Laird v. Commissioner

29 B.T.A. 196, 1933 BTA LEXIS 968
CourtUnited States Board of Tax Appeals
DecidedOctober 31, 1933
DocketDocket No. 51654.
StatusPublished
Cited by8 cases

This text of 29 B.T.A. 196 (Laird v. Commissioner) is published on Counsel Stack Legal Research, covering United States Board of Tax Appeals primary law. Counsel Stack provides free access to over 12 million legal documents including statutes, case law, regulations, and constitutions.

Bluebook
Laird v. Commissioner, 29 B.T.A. 196, 1933 BTA LEXIS 968 (bta 1933).

Opinion

[203]*203OPINION.

Smith:

The first question presented by this proceeding is the correctness of the action of the respondent in including in the gross estate of the decedent the value of a trust fund held by the Wilmington Trust Co. This trust fund was created by an agreement [204]*204between the decedent and the Wilmington Trust Oo. dated December 27, 1923. Pursuant to this agreement, the decedent transferred to the trust company certain life insurance policies taken out by him upon his life (designated as the Primary Trust Fund), and shares of corporate stock (designated as the Secondary Trust Fund), the net income from the secondary fund to be used to pay premiums on the life insurance, and upon the further trust, after December 27, 1933, or the prior death of the trustor, to pay over the income and/or trust corpus to trustor’s wife and/or children or issue of children then living. The trustor reserved the right to change the beneficiaries of the trust. It is by virtue of this reservation made in the trust instrument that the respondent has included the value of the trust fund in the gross estate. No question is raised as to the value of the trust fund as of the date of death of the decedent.

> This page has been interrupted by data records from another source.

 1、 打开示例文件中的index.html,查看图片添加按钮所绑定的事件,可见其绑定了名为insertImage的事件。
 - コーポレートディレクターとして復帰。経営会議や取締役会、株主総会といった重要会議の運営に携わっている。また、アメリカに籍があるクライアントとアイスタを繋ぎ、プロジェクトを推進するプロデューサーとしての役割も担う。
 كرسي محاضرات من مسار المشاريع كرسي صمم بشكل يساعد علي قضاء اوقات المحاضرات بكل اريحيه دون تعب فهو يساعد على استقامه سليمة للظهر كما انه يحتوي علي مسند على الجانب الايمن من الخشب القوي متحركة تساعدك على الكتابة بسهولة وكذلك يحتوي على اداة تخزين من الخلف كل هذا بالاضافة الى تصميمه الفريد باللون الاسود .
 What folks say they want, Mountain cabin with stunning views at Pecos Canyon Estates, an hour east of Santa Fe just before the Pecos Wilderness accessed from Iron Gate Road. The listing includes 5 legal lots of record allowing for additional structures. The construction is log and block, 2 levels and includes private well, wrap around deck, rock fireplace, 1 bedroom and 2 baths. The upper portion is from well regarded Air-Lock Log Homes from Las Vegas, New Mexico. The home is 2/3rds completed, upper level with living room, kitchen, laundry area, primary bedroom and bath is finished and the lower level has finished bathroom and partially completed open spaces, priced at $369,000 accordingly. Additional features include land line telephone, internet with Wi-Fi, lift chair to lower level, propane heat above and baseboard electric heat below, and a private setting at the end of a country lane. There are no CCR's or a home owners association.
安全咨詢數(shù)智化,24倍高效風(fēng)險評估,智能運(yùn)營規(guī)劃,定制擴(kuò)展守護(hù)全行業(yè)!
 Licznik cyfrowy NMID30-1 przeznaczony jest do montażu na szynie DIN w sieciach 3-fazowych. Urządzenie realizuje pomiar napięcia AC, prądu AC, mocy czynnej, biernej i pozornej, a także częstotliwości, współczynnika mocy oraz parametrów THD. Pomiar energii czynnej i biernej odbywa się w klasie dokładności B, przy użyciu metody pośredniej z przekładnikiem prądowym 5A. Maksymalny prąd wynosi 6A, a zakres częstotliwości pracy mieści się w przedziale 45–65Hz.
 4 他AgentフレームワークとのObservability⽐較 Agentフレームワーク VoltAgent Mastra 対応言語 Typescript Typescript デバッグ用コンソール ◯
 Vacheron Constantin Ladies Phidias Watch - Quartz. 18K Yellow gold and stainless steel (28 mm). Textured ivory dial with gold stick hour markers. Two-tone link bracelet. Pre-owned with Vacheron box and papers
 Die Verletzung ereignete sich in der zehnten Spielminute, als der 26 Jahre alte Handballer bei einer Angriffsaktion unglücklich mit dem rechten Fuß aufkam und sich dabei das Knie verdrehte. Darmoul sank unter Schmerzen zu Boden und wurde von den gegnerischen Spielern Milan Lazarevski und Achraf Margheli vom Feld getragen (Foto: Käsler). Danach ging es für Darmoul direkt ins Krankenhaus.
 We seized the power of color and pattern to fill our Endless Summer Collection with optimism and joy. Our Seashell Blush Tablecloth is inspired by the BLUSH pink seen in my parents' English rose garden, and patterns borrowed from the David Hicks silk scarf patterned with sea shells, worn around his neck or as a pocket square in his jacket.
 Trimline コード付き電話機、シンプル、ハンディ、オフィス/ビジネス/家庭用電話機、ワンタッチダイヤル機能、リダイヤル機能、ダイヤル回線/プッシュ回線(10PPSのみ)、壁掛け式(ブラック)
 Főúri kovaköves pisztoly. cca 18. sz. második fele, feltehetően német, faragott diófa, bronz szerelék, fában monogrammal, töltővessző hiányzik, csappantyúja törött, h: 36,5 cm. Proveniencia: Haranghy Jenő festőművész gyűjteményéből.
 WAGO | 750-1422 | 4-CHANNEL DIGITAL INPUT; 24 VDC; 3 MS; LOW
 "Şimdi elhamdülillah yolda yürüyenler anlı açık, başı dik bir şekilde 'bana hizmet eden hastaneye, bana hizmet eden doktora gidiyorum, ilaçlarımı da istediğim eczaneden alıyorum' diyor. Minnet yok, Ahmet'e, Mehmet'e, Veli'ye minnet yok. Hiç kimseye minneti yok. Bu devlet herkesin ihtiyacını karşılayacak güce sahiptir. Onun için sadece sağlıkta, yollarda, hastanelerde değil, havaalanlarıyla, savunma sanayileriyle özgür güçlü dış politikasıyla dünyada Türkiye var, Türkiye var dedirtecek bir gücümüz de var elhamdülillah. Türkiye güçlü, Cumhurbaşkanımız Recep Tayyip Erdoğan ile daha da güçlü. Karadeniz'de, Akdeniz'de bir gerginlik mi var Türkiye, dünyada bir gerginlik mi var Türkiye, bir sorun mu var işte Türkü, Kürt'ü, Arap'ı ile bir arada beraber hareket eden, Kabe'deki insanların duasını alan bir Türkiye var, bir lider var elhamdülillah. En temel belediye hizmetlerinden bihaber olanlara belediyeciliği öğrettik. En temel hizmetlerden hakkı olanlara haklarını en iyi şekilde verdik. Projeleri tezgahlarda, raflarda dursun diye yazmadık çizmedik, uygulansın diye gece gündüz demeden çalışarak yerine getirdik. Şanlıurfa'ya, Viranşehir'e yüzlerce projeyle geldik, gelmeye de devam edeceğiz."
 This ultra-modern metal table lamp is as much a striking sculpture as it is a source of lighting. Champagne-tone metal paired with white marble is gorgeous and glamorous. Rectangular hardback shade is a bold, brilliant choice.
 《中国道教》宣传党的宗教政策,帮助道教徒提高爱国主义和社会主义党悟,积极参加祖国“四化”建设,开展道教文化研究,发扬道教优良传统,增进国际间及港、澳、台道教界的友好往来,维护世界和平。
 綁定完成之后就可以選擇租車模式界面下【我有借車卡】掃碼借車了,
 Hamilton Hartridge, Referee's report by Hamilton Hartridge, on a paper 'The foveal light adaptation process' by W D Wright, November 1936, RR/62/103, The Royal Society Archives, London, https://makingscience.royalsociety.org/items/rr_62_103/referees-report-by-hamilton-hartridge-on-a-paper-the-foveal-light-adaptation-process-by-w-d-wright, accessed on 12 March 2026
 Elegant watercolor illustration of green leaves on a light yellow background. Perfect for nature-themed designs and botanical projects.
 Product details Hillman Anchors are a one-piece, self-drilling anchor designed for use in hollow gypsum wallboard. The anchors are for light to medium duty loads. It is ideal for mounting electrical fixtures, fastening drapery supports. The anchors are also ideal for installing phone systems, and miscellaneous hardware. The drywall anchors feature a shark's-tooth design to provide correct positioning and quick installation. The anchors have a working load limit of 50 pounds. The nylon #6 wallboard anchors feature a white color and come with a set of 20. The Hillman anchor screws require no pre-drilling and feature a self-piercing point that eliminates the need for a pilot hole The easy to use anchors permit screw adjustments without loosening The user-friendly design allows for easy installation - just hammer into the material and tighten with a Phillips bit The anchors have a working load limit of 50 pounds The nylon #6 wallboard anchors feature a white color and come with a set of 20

The respondent has included this fund in the gross estate by virtue of section 302 of the Revenue Act of 1926, which, so far as material, is as follows:

Sec. 302. The value of the gross estate of the decedent shall be determined by including the value at the time of his death of all property, real or personal, tangible or intangible, wherever situated—
(a) To the extent of the interest therein of the decedent at the time of his death;
* * ⅝ ⅜ * ⅜ ⅜
(d) To the extent of any interest therein of which the decedent has at any time made a transfer, by trust or otherwise, where the enjoyment thereof was subject at the date of his death to any change through the exercise of a power, either by the decedent alone or in conjunction with any person, to alter, amend, or revoke, or where the decedent relinquished any such power in contemplation of his death, except in case of a bona fide sale for an adequate and full consideration in money or money’s worth. * * *
* * ⅜ * ⅜ * *
(h) Except as otherwise specifically provided therein subdivisions (b), (c), (d), (e), (f), and (g) of this section shall apply to the transfers, trusts, estates, interests, rights, powers, and relinquishment of powers as severally enumerated and described therein, whether made, created, arising, existing, exercised, or relinquished before or after the enactment of this Act.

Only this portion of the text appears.